The correction for the main effects extracts the pure 2nd order effect for the two features of interest by subtracting the main effect of the single features on the ALE (equation (6.6)). To stick with this example the correction for the main effect of feature \(x_j\) for values in \(N_j(4)\) takes into account all cells in the first 4 columns and aggregates the first order effect. In cell \(N_{\{j,~l\}}(4,3)\) this would look like this:

\[ \widehat{\widetilde{\widetilde{ALE}}}_{\hat{f},~j,~l}(b) - \widehat{\widetilde{\widetilde{ALE}}}_{\hat{f},~j,~l}(a)\]

The correction for \(x_l\) looks pretty much the same just from the other direction.
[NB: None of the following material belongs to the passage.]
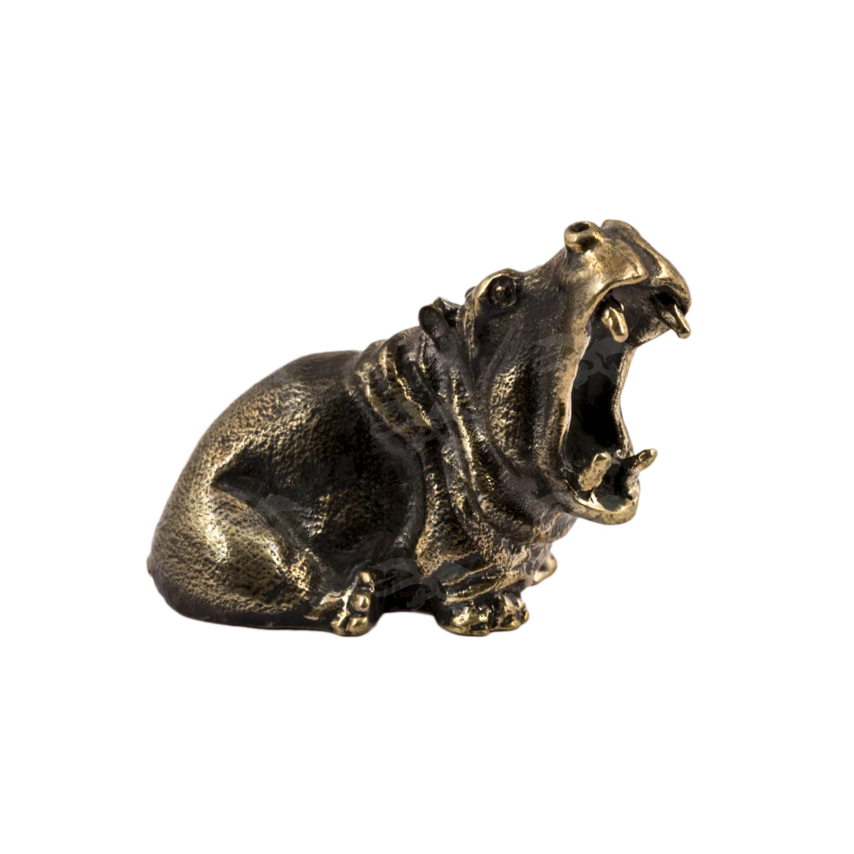 Художественно-производственная мастерская «Калежа» создает оригинальные статуэтки из латуни. Бегемот с раскрытой пастью служит образцом для них. При создании оригинальной фигурки животного мы использовали бронзовое литье. Чтобы получить сложный рельеф, мастера применяли чернение. Выполнение подобного заказа занимает до трех недель. Возможно использование предоставленных эскизов.
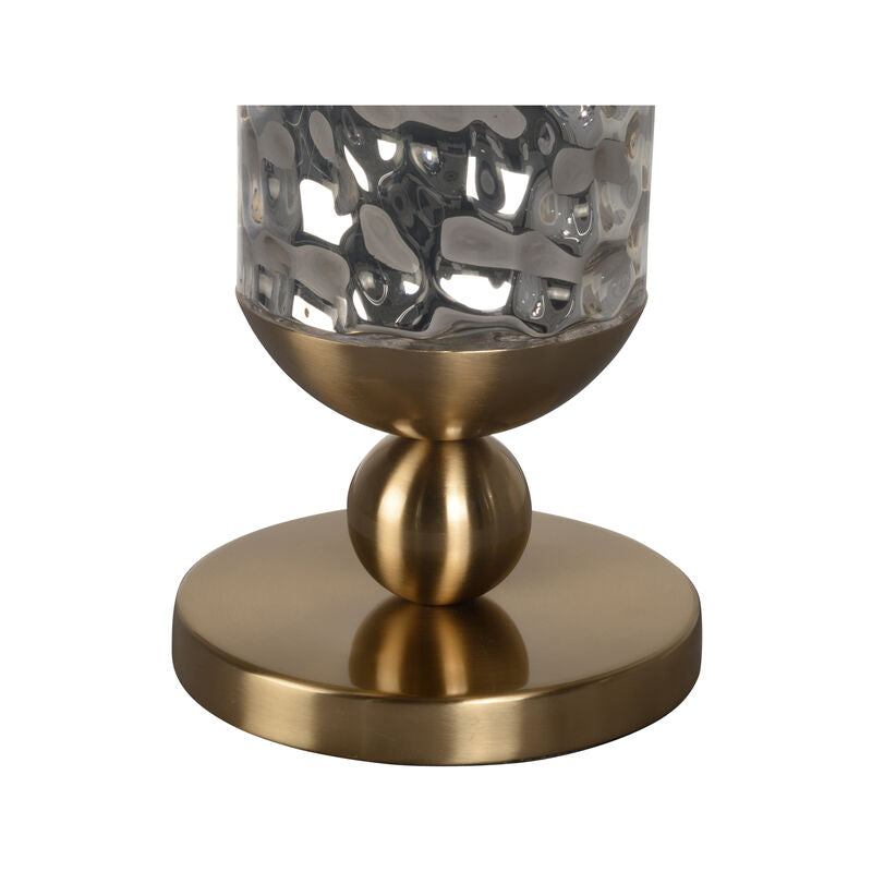 The Tiffany Lamp is a beautiful mix of old-world charm and modern style. It has an antique brass frame that adds a touch of vintage elegance to any space. At its center, the lamp features textured mercury glass, creating a lovely contrast with the warm tones of the brass. This unique mix of materials gives the lamp a special look that catches the eye and makes it a standout piece in any room. Its design is sure to add a touch of class to your home.

It takes into account the first 3 rows. So in cell \(N_{\{j,~l\}}(4,3)\) the first order effect in direction of \(x_l\) would be

\[ \widehat{\widetilde{\widetilde{ALE}}}_{\hat{f},~j,~l}(b) - \widehat{\widetilde{\widetilde{ALE}}}_{\hat{f},~j,~l}(d). \]

Thereafter the corrected ALE is centered for its mean (equation (6.7)), pretty much the same way as is done for one dimension. But this time the aggregation is not just over a line but over a grid.
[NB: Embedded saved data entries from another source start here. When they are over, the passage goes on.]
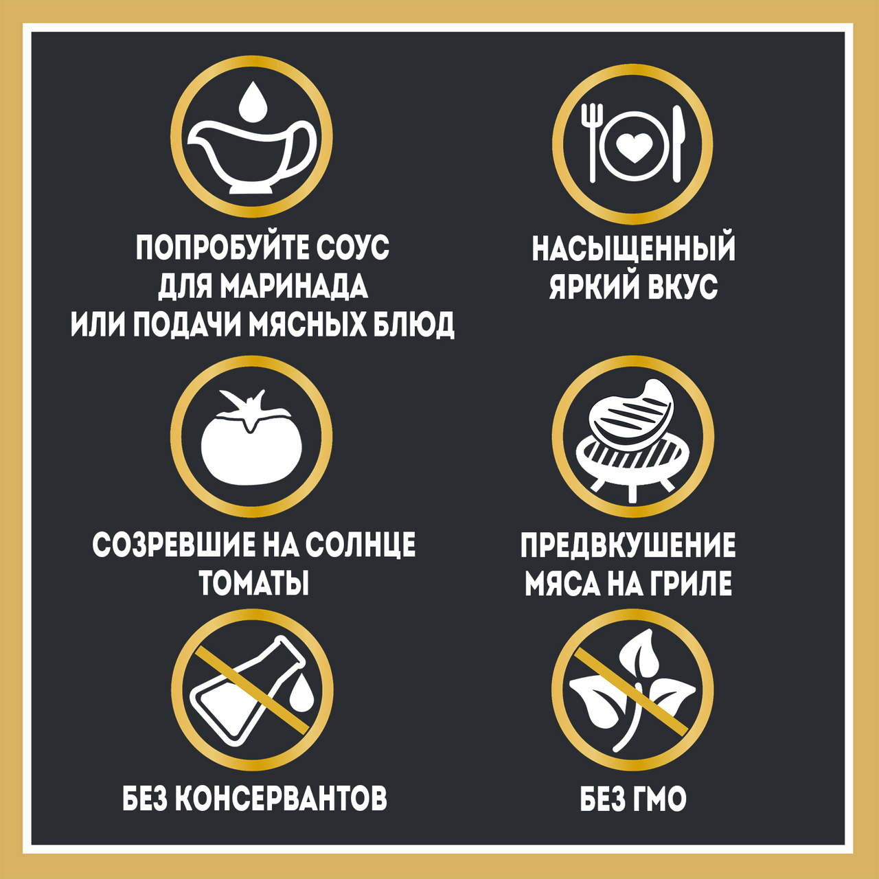 Это гармоничное сочетание спелых томатов с классическим японским маринадом Терияки, чесноком и пряными специями, которые подчеркивают вкус блюд, приготовленных на гриле. Подавайте его не только к шашлыку на пикнике, но и в домашних условиях. Он придаст характерный аромат жареному мясу и свиным ребрышкам, котлетам и тефтелям, сосискам и куриным крылышкам, пицце и пельменям, печеному картофелю или картофельным долькам во фритюре.
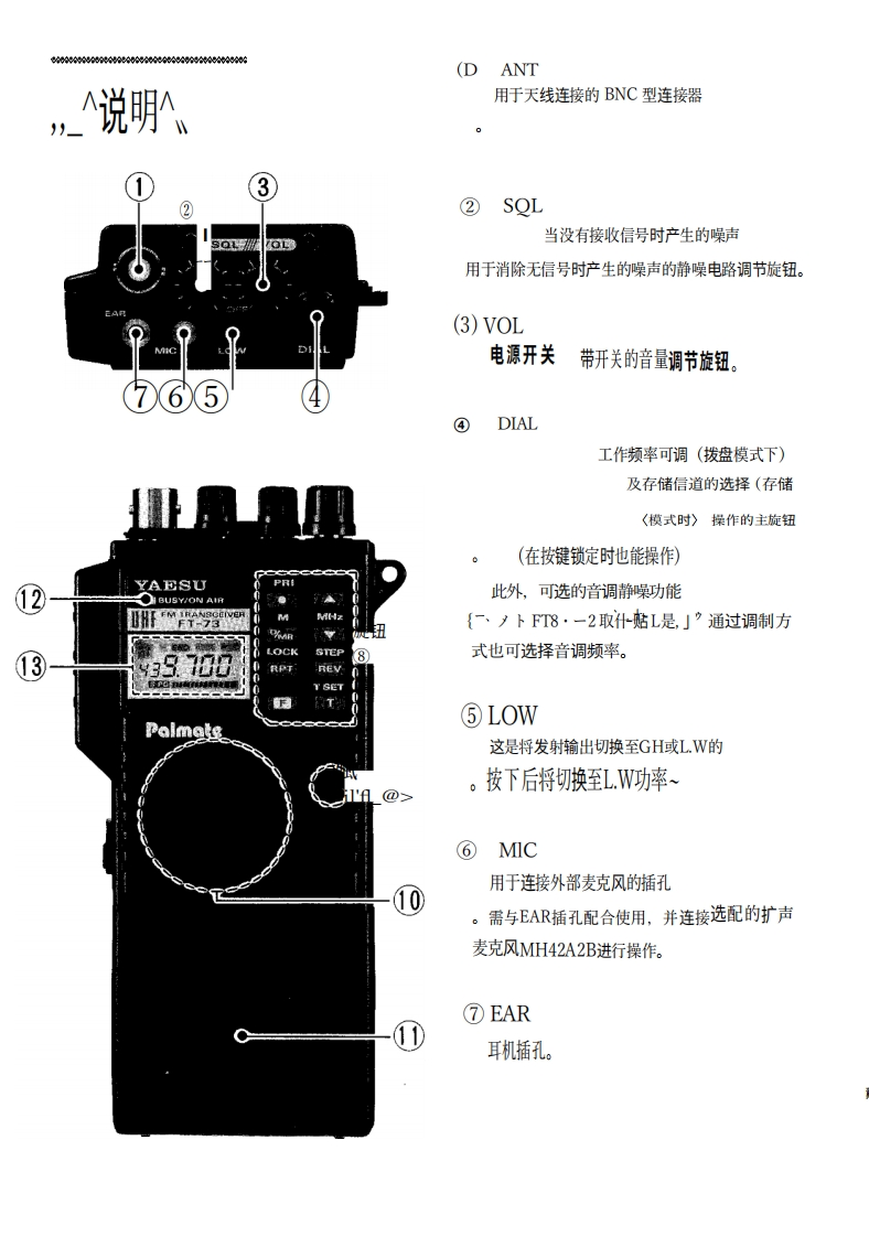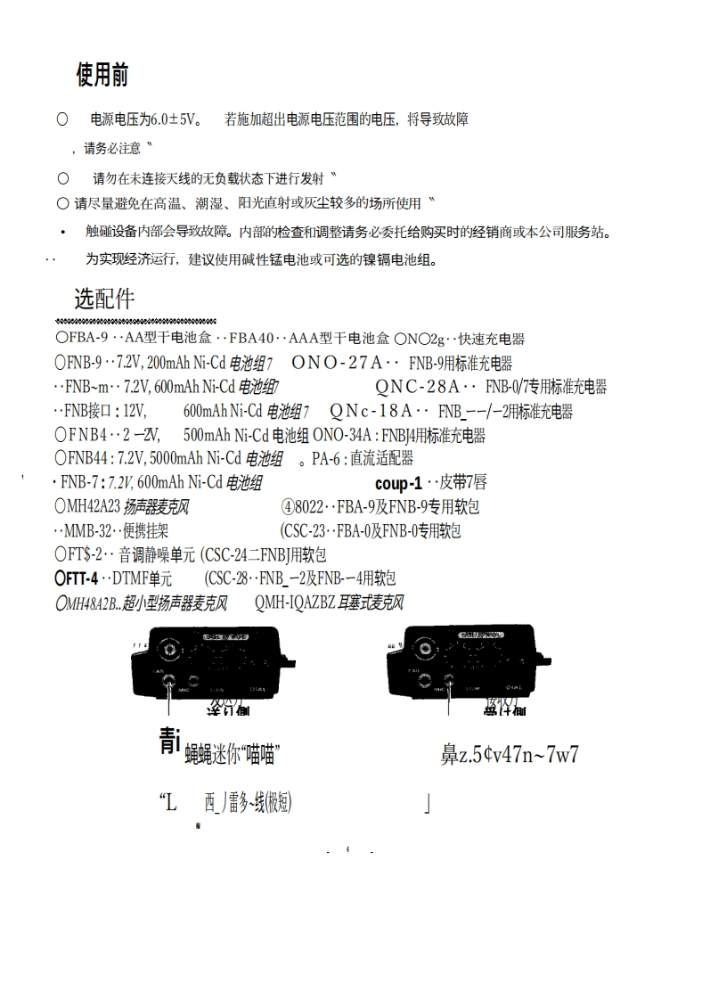 FM便携式对讲机FT-7REE-91··HITOP取圾說明書(02)704-9104(0502)145-4380YAESUPalmateUHF目次A-名部盼说册使用前4[此次承蒙您购买YAE$UFT-73收发机才ブ之ョ4,衷心感谢您使(方5C寸」春奏+5本产品是在严格的质量管理下生产的,但万一因7运输途中发生事故等导致损坏或发现可疑之处,1.周波数七ッ卜或就近的星悦垂製一了之卜口一儿7行早目已方買)上(于)大龙意孝L大販壳店丰3.又丰ャ口卜口一儿9请您充分理解递裤蹦所法一上本机南問小合9能<龙吉小,3送停志)乜ッ卜機能106.卜一又ヶ儿于運用11被誉为“爱好之王”的业余无线电12前二,二)取极脱明書在上〈粉就大尤老,热魔在魚醒2前军进12为改进产品,说明书中的照片等可能与实际产品定格分差显敬请谅解13已方案L五〈龙这.14
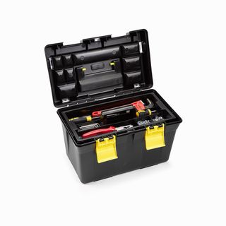 Caja de herramientas de plástico resistente, ideal para organizar y transportar tus herramientas. - Color rojo y negro. - Asa para fácil transporte. - Cierre de seguridad.

There are a few questions that might arise.

First, how is the grid for the estimation defined? In the iml package, the cells are the cross products of the intervals used for the 1D estimation. It would be very hard to make a grid of rectangles which all include roughly the same amount of data points.
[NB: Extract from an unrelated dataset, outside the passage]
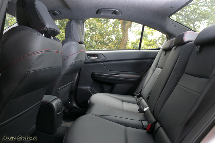 軸距提升25mm的WRX,後座乘坐空間有不錯表現,頭部與膝部稱不上寬敞但不會帶來壓迫感。
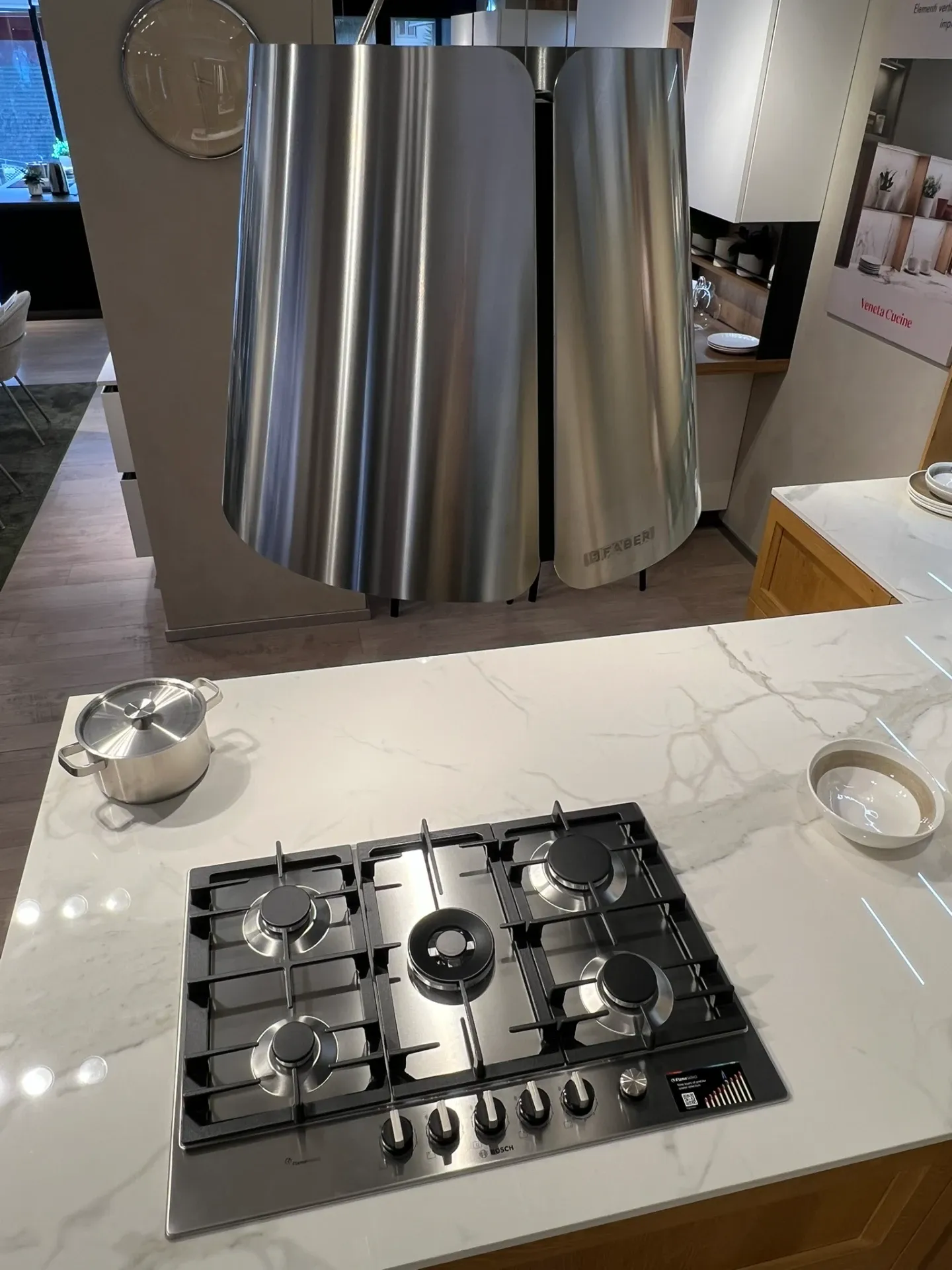 - Distribuzione uniforme del calore sotto il pentolame e cottura ideale sono i connotati principali del piano cottura a gas che abbiamo selezionato per questa cucina Veneta Cucine, adatto per agevolare le quotidiane attività che svolgiamo in cucina.

Another question is: How does the estimation treat empty cells, which include no data points? There are two options, they can either be ignored and greyed out or they receive the value of their nearest neighbor rectangle, which is determined using the center of the cells. The last method is implemented in the iml package. This happens right after averaging over the \(\Delta_{\hat f}^{{\{j,~l\}}, ~k,~m} (x_{\setminus\{j,~l\}})\)s before the correction for the 1st order effects is done.

6.2.1.3 Example 1 continued - Theoretical and estimated 2D ALE

Before ALE and PDP will be compared for two features of interest, the analysis of example 1 will be continued in two dimensions, to get a first glance at the 2D ALE.

The data set is basically the same, just for sake of clearness in the 2D ALE example the distributions are a bit different. A data set consisting of 150 observations with three features (\(x_1\), \(x_2\), \(x_3\)) and the prediction function \(f(x_1, x_2, x_3) = x_1 x_2 x_3\) is considered. But this time the three features are sampled from these disrtibutions: \(X_1 \sim \mathcal{U}(0,~0.5)\), \(X_2 \sim \mathcal{N}(5,~1)\) and \(X_3\mid X_2, X_1 \sim \mathcal{N}(X_2,X_1)\). So feature \(x_2\) is expected to be 5 and has a lower variance than it has in example 1. The rest stays the same.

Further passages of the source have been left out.